--- What you should do ---
From the line containing "8. Fourth Text" to the last line of the data, both included, transcribe each line exactly, leaving out pictures and adding nothing.

--- Data records ---
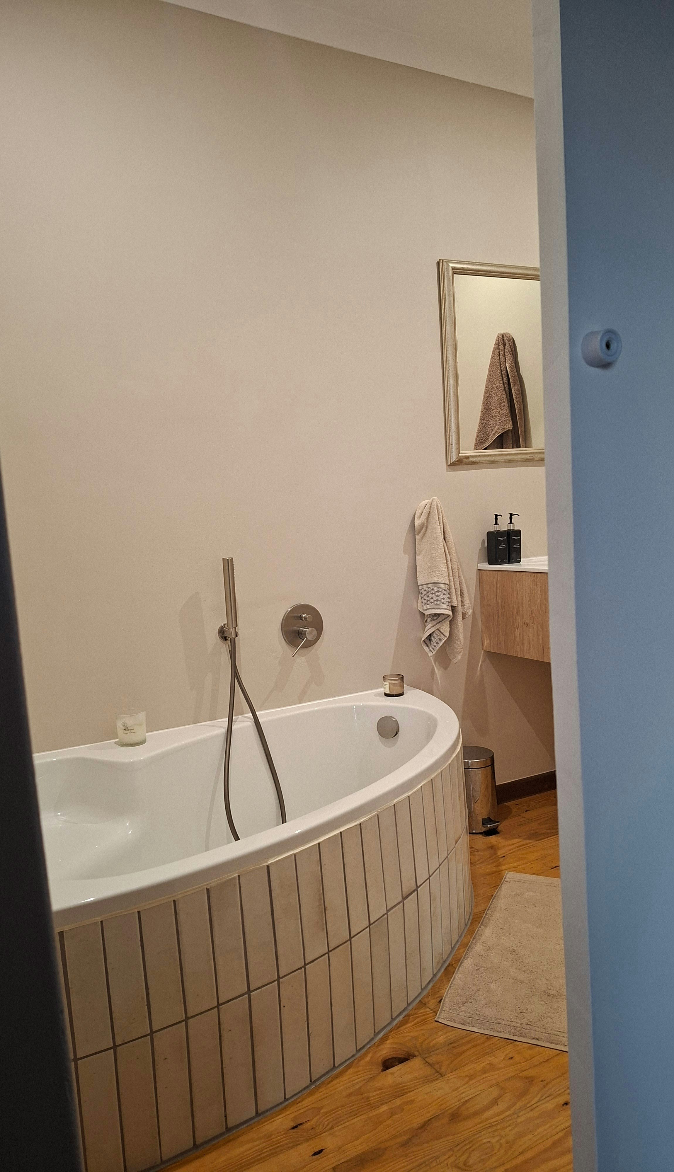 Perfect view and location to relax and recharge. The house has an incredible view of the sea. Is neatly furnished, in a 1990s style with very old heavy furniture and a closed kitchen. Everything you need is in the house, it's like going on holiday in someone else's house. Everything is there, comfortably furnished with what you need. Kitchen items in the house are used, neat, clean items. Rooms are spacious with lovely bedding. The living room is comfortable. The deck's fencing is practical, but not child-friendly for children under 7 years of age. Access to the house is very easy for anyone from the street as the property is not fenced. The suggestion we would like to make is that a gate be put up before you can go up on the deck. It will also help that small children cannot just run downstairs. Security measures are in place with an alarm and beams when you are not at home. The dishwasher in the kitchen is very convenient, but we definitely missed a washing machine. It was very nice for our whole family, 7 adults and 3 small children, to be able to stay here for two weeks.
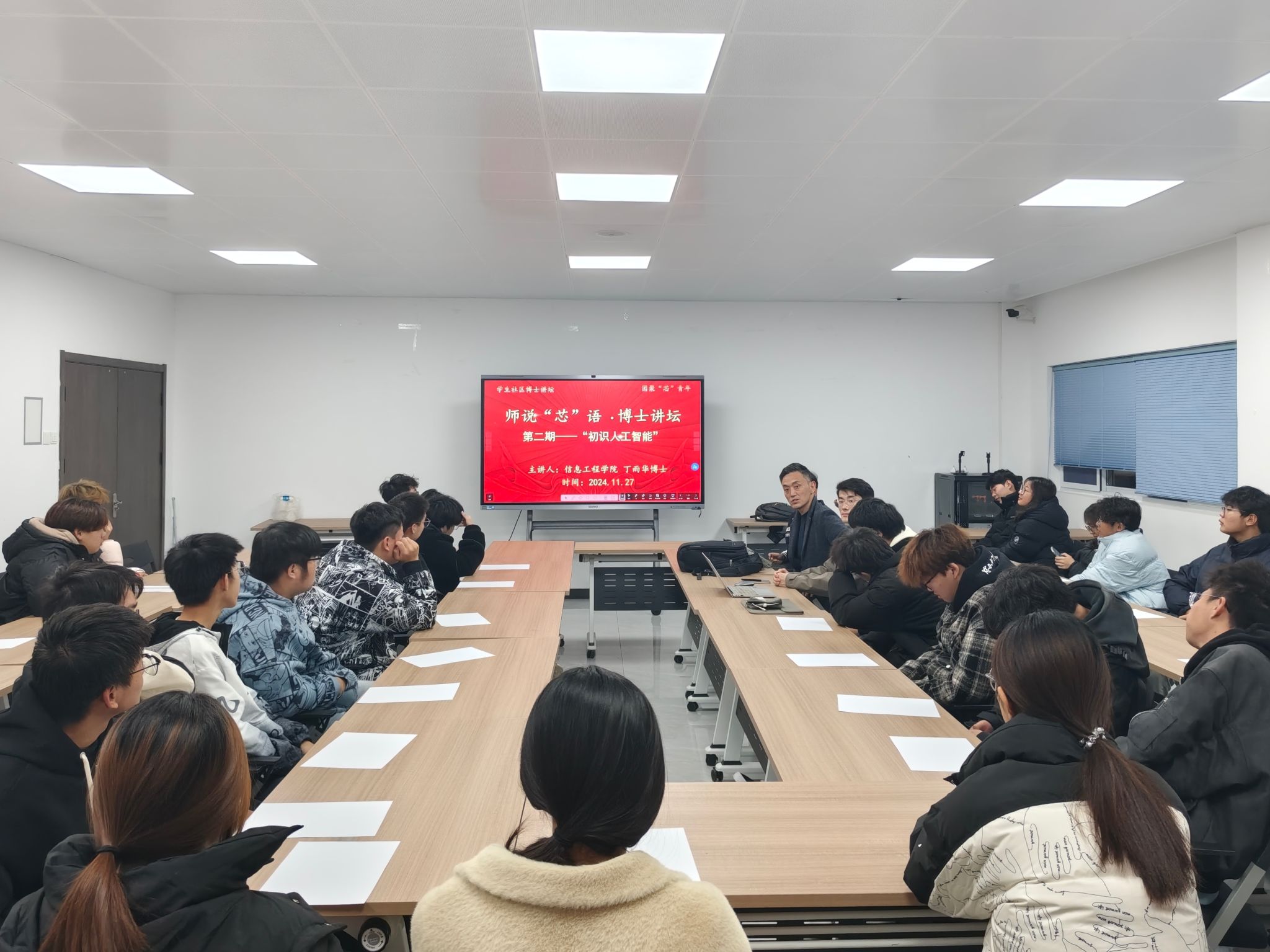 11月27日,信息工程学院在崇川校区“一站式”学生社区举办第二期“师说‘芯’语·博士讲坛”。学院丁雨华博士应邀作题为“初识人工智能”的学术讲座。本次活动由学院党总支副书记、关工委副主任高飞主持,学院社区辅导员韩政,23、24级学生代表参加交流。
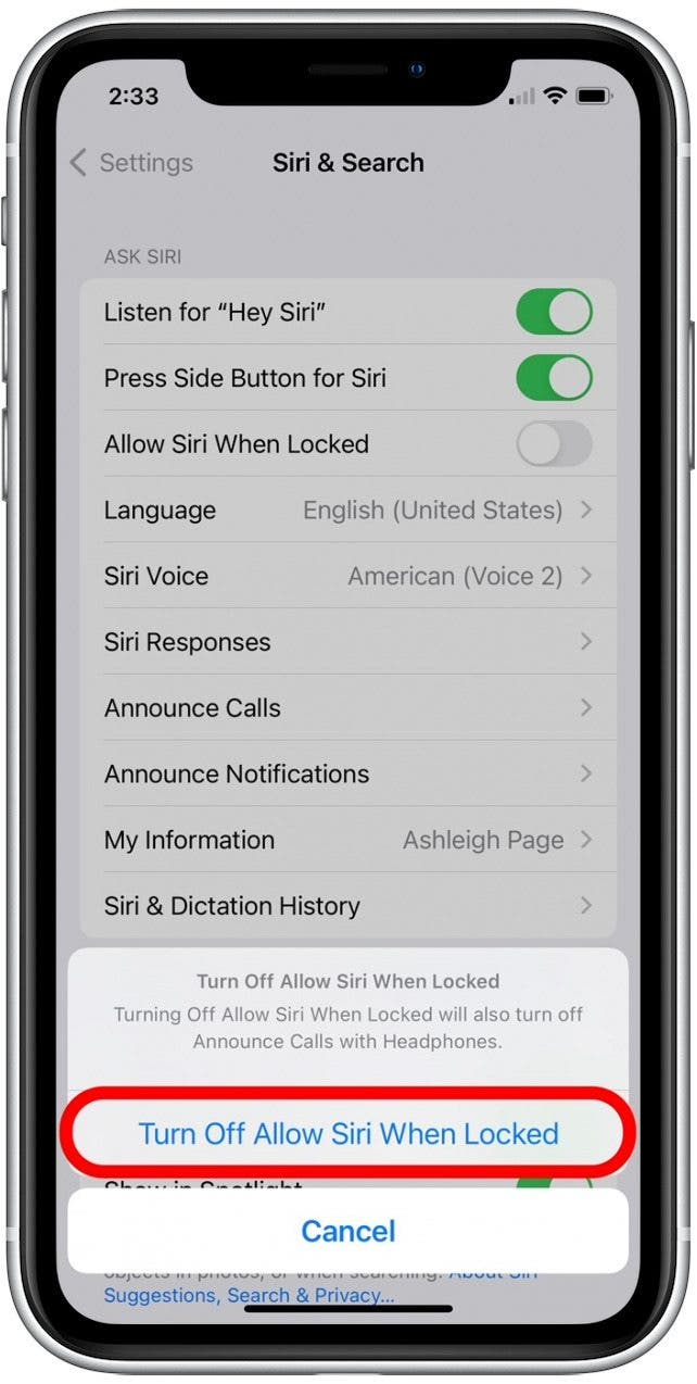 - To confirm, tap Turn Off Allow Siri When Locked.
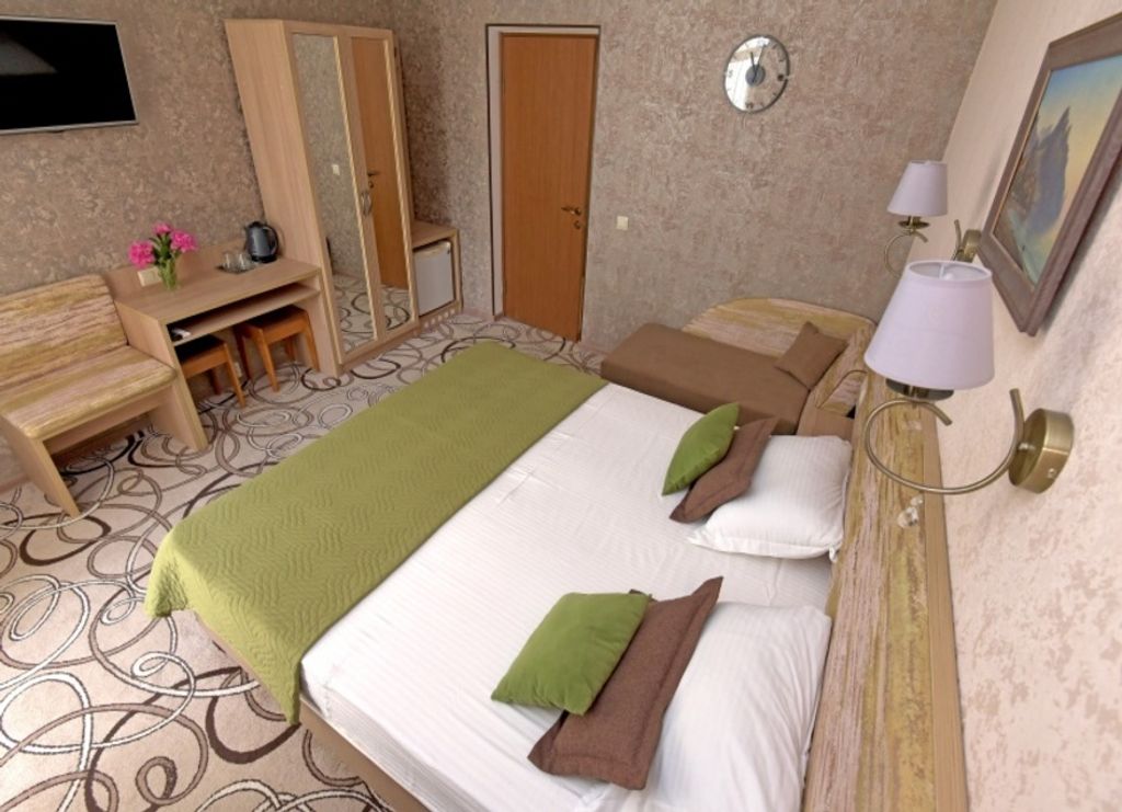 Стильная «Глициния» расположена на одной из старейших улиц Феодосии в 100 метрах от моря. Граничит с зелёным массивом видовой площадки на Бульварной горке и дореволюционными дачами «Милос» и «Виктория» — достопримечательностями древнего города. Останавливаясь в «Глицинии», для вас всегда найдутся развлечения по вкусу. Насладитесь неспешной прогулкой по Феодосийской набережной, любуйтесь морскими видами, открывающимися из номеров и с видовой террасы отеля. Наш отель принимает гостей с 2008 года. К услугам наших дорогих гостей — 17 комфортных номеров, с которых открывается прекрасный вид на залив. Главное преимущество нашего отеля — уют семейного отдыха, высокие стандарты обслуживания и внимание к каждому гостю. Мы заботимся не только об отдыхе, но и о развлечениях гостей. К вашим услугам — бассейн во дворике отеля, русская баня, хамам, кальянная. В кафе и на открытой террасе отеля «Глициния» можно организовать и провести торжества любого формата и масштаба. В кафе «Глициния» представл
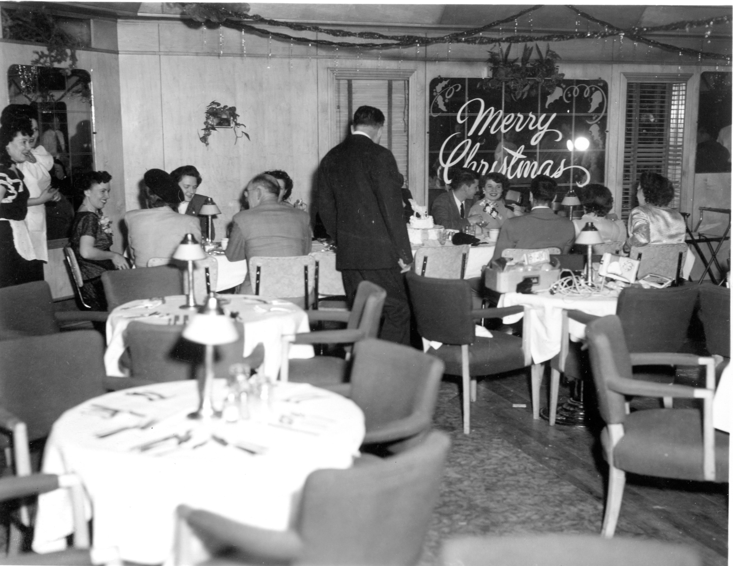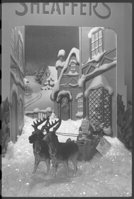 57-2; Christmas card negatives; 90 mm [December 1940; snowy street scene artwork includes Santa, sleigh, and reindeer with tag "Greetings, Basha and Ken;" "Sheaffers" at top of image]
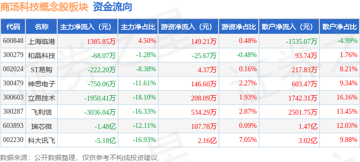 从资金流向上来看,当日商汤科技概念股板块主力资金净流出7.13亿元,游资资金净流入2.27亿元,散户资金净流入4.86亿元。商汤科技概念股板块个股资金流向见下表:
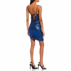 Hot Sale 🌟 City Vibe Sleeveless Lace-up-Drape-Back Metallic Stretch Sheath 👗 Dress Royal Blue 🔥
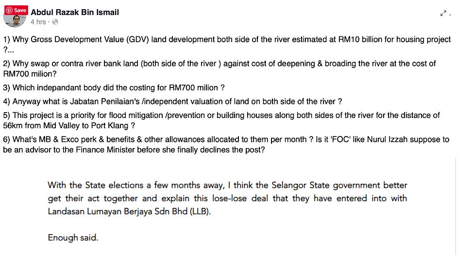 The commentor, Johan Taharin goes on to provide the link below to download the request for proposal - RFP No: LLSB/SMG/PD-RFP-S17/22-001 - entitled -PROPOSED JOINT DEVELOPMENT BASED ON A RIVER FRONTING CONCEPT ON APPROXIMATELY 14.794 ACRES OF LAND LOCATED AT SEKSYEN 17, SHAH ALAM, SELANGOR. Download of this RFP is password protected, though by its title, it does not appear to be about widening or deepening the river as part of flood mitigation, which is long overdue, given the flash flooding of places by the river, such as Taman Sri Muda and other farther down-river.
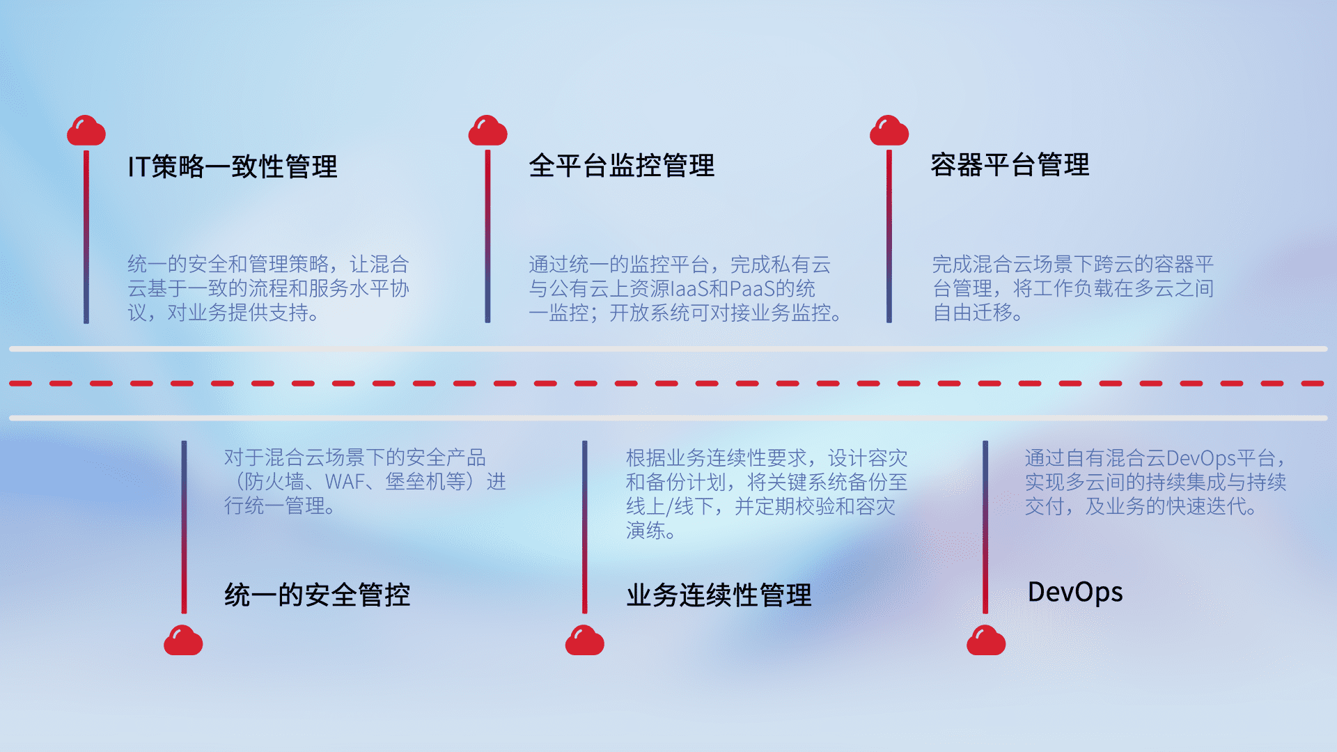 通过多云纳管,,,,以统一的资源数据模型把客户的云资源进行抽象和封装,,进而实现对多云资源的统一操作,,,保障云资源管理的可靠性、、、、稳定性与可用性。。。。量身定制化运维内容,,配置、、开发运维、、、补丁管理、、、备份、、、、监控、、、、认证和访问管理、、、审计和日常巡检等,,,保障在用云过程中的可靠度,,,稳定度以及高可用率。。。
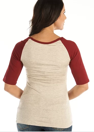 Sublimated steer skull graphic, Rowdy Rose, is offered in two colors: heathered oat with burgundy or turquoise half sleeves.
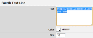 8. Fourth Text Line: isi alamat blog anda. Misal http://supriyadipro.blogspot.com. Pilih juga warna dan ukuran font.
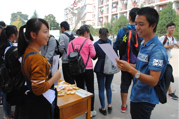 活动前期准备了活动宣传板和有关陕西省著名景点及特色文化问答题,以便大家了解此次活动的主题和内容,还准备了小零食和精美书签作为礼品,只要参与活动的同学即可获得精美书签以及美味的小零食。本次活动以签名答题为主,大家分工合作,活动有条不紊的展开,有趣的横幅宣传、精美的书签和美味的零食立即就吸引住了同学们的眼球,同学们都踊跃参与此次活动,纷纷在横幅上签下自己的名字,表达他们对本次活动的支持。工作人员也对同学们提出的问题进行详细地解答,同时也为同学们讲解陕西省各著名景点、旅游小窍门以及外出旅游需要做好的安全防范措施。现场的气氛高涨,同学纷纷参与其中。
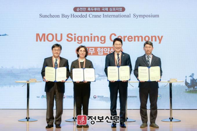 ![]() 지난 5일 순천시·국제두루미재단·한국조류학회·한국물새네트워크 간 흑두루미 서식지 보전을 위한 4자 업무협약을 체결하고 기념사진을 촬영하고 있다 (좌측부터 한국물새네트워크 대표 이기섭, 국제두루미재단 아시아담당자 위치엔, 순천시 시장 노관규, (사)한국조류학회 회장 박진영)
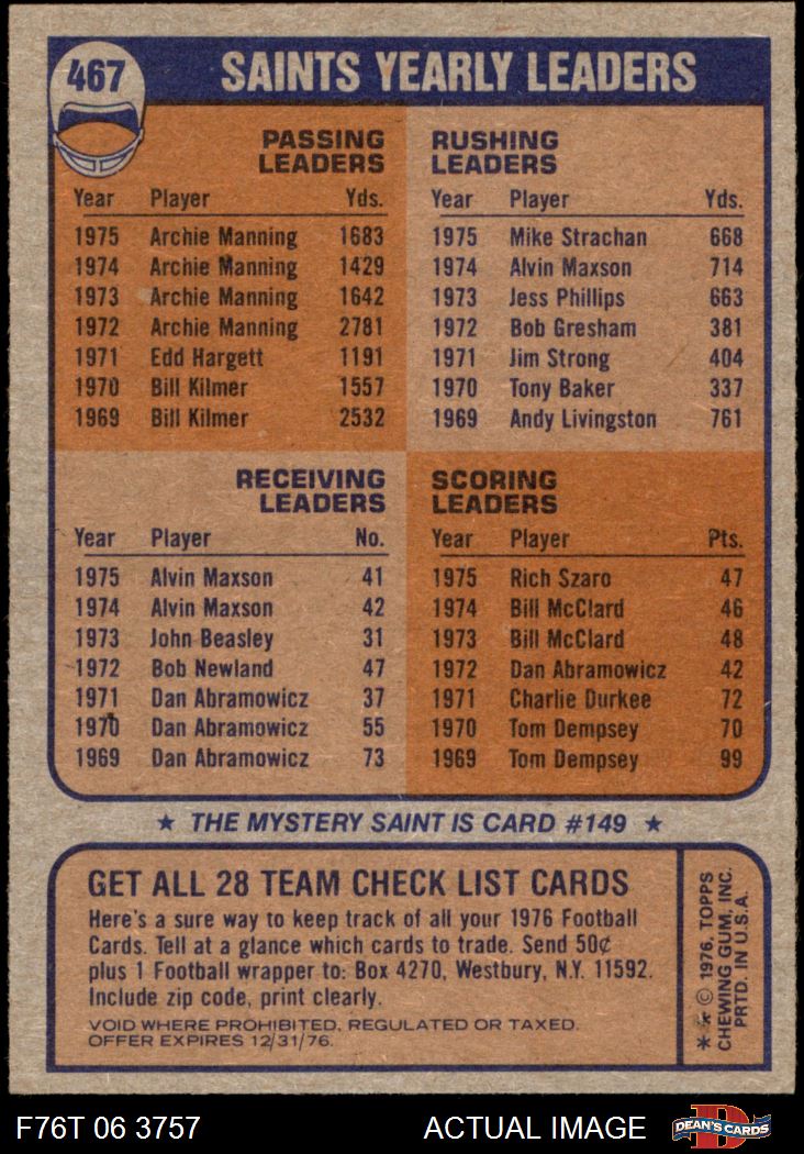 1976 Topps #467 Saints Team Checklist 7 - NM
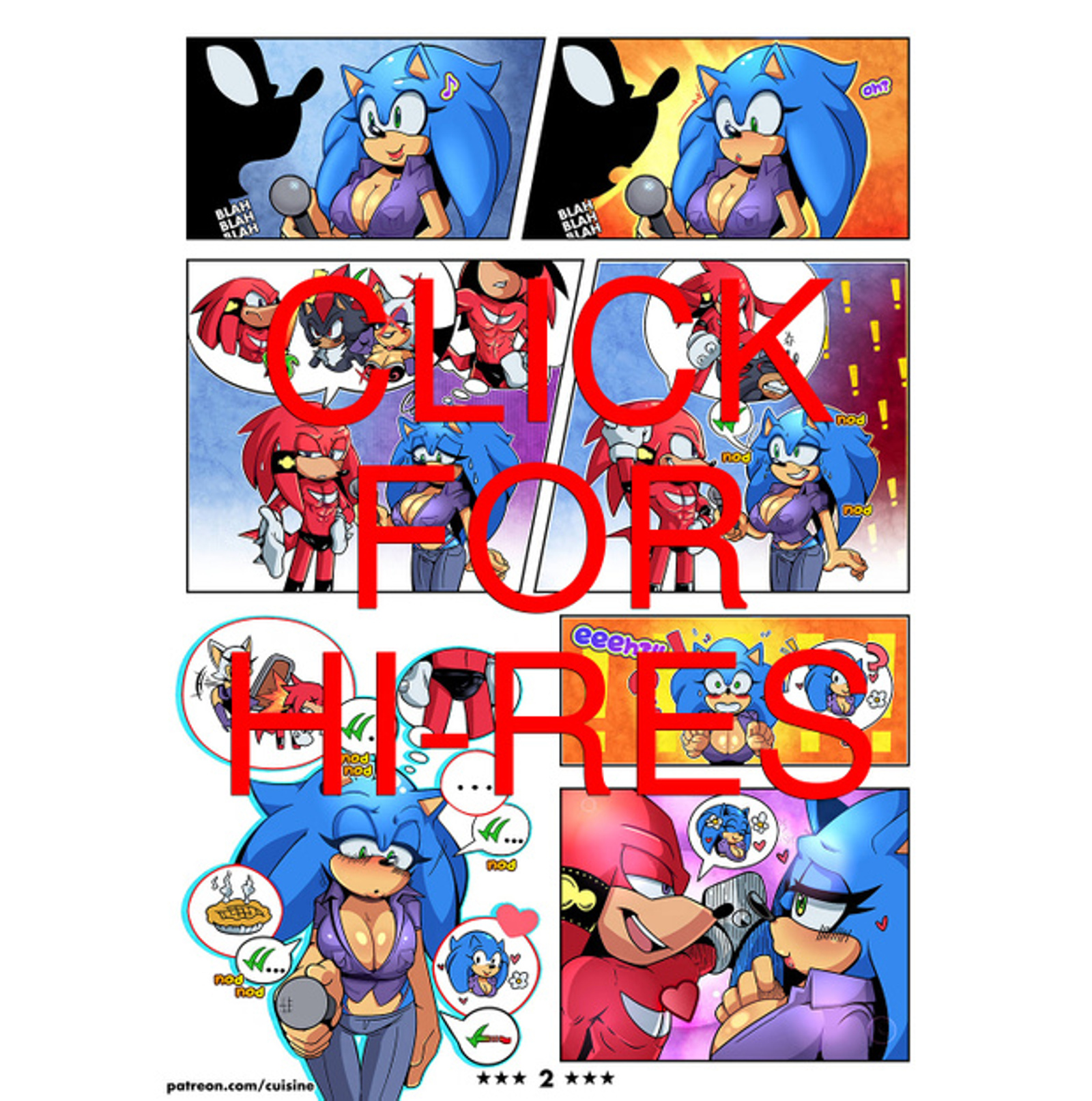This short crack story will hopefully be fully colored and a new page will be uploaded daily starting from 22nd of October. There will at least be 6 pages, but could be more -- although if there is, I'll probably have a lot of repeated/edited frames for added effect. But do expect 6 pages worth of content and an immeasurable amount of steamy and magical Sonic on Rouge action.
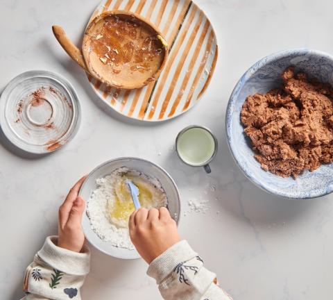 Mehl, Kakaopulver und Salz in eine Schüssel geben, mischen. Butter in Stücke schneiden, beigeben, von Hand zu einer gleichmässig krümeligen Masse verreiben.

--- Answer section ---
 8. Fourth Text Line: isi alamat blog anda. Misal http://supriyadipro.blogspot.com. Pilih juga warna dan ukuran font.
 活动前期准备了活动宣传板和有关陕西省著名景点及特色文化问答题,以便大家了解此次活动的主题和内容,还准备了小零食和精美书签作为礼品,只要参与活动的同学即可获得精美书签以及美味的小零食。本次活动以签名答题为主,大家分工合作,活动有条不紊的展开,有趣的横幅宣传、精美的书签和美味的零食立即就吸引住了同学们的眼球,同学们都踊跃参与此次活动,纷纷在横幅上签下自己的名字,表达他们对本次活动的支持。工作人员也对同学们提出的问题进行详细地解答,同时也为同学们讲解陕西省各著名景点、旅游小窍门以及外出旅游需要做好的安全防范措施。现场的气氛高涨,同学纷纷参与其中。
 ![]() 지난 5일 순천시·국제두루미재단·한국조류학회·한국물새네트워크 간 흑두루미 서식지 보전을 위한 4자 업무협약을 체결하고 기념사진을 촬영하고 있다 (좌측부터 한국물새네트워크 대표 이기섭, 국제두루미재단 아시아담당자 위치엔, 순천시 시장 노관규, (사)한국조류학회 회장 박진영)
 1976 Topps #467 Saints Team Checklist 7 - NM
This short crack story will hopefully be fully colored and a new page will be uploaded daily starting from 22nd of October. There will at least be 6 pages, but could be more -- although if there is, I'll probably have a lot of repeated/edited frames for added effect. But do expect 6 pages worth of content and an immeasurable amount of steamy and magical Sonic on Rouge action.
 Mehl, Kakaopulver und Salz in eine Schüssel geben, mischen. Butter in Stücke schneiden, beigeben, von Hand zu einer gleichmässig krümeligen Masse verreiben.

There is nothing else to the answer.